Он попрощался и вышел. Анна осталась одна. Она вернулась в комнату и уселась на тахту. Сидела долго, совершенно неподвижно, глядя в окно на кусочек голубого неба над крышей противоположного дома. Звонок в дверь прозвучал хрипло. Анна встала, поправила волосы и пошла открывать. Но это был не капитан Зентек, хотя она надеялась, что это вернулся он.
На пороге стояла Марыся, а за ней Хенрик Шульц, увешанный завернутыми в бумагу свертками и сверточками.
Анна отошла на шаг и молча впустила их. Когда они были уже в комнате, Марыся уселась на тахту и глубоко вздохнула.
— Кошмар! — взволнованно сказала она. — Я вынуждена купить все эти траурные вещи, ты понимаешь? Это ужасно, но иначе нельзя. Он не сделал мне ничего плохого, а на похоронах будут его коллеги и весь институт.
— Конечно, — сказала Анна. — Здесь был человек из милиции.
— Снова?
— Да. Он был очень вежлив, но хочет, чтобы ты поехала с ним сегодня вечером в Закопане.
— Как это? Ведь послезавтра похороны Романа.
— Он хочет, чтобы ты поехала с ним на один день. Послезавтра утром вы вернетесь.
Шульц, который до сих пор молчал, внезапно подал голос:
— В Закопане? Почему в Закопане? Он что, с ума сошел?
Мария медленно встала и покачала головой.
— Ничего не понимаю. Я должна поехать с этим капитаном милиции?
— Да. Он заказал уже места в спальном вагоне. Из того, что он рассказал мне, вытекает, что он хочет до конца проверить алиби всех. По–моему, он хочет устроить тебе очную ставку с этими твоими приятелями и узнать, каким поездом ты выехала, во сколько и так далее.
— Боже, он и в самом деле думает, что кто–то из нас мог?..
— Он для того и существует, чтобы так думать, — мягко сказал Шульц. — Трудно требовать от милиции, чтобы ее сотрудники обладали сверхделикатностью чувств. Они никогда бы ничего не раскрыли, не используя всех возможных способов и комбинаций для того, чтобы найти правду. Думаю, что мы не должны ставить им в этом никаких преград. Чем быстрее они со всем этим покончат, тем лучше. Впрочем, этот тип производят впечатление достаточно приличного человека. Он вежлив и в меру интеллигентен. Чего еще можно требовать от милиционера? А то, что он исполнительный, так это его профессия.
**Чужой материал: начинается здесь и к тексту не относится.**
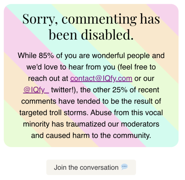 They even disabled comments on the post, saying there were too many trolls posting.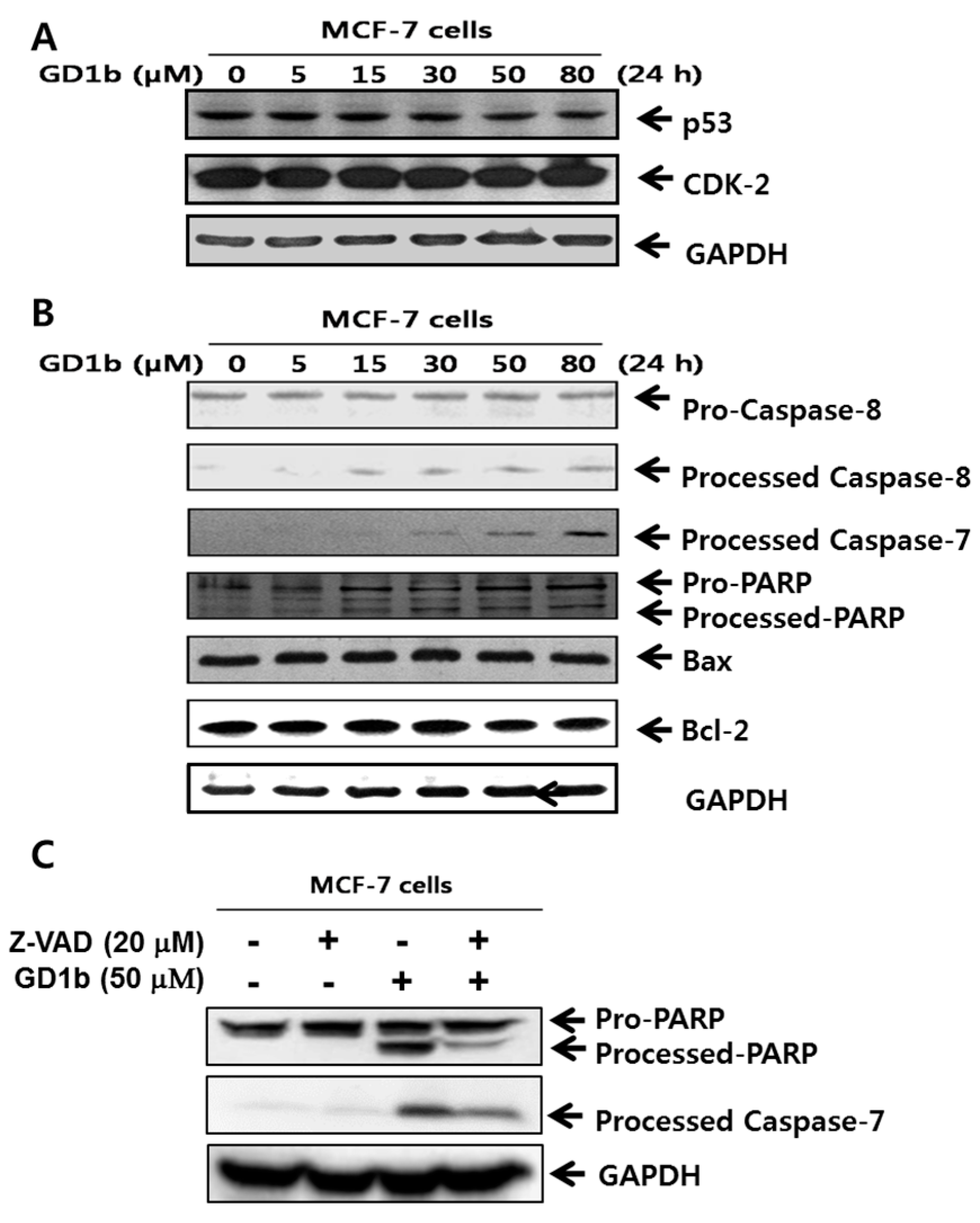 Effects of GD1b treatment on cell cycle arrest and apoptosis. The lysates containing equal protein content were separated by SDS-PAGE and analyzed by western blotting. Expression of cell cycle arrest- (A) and apoptosis- (B) related molecules were examined of protein extracts of MCF-7 cells treated without (negative control with methanol) or with various concentrations of GD1b for 24 h. MCF-7 cells were treated with 50 µM GD1b for 24 h in the presence or absence of 20 µM Z-VAD and then analyzed by immunoblotting (C) with antibody PARP and capase-7. GAPDH was used as the internal control.
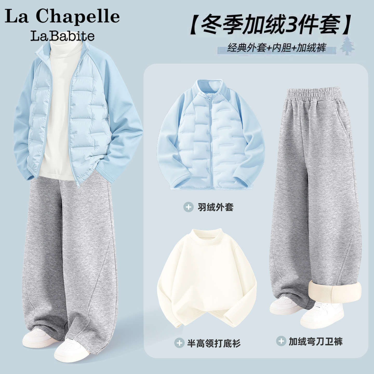 拉夏贝尔女童冬套装2026新款羽绒外套加绒弯刀裤儿童冬装三件套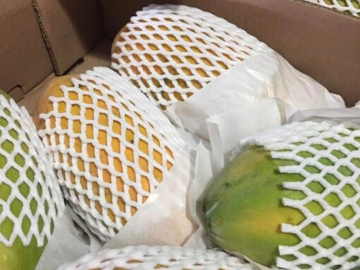 Es ideal en el empaque y transporte de frutas como papaya, cholupa, melón, manzana, pera, granadilla, entre otras; debido a que la malla ofrece una excelente resistencia a los ácidos y aceites de las frutas, una elevada absorción de energía en caso de impacto y la fruta no se talla en el proceso de transporte. Además que es muy estable y se acopla perfectamente a cualquier tipo de fruta. Está libre de clorofluorocarbonos (CFC), clorofluorocarburos halogenados (HCFC) y los fluorocarbonos halogenados (HFC), y contiene aire como gas de células.

— Наверное, — Мария вздохнула. — Как мне все это уже надоело. Может быть, ты прав, Хенек. Если они этого хотят, я поеду и сделаю все, что они от меня ждут.
Анна подошла к ней и положила руку ей на плечо.
Мария повернула к ней голову. Сестра ничего не сказала.
— Что? — спросила Мария. — Что ты хочешь сказать?
— Послушай… Ты… ты уверена, что твое алиби выглядит именно так, как ты сказала?
— Не понимаю…
Анна молчала. Неожиданно Мария протянула руки и прижала ее к себе.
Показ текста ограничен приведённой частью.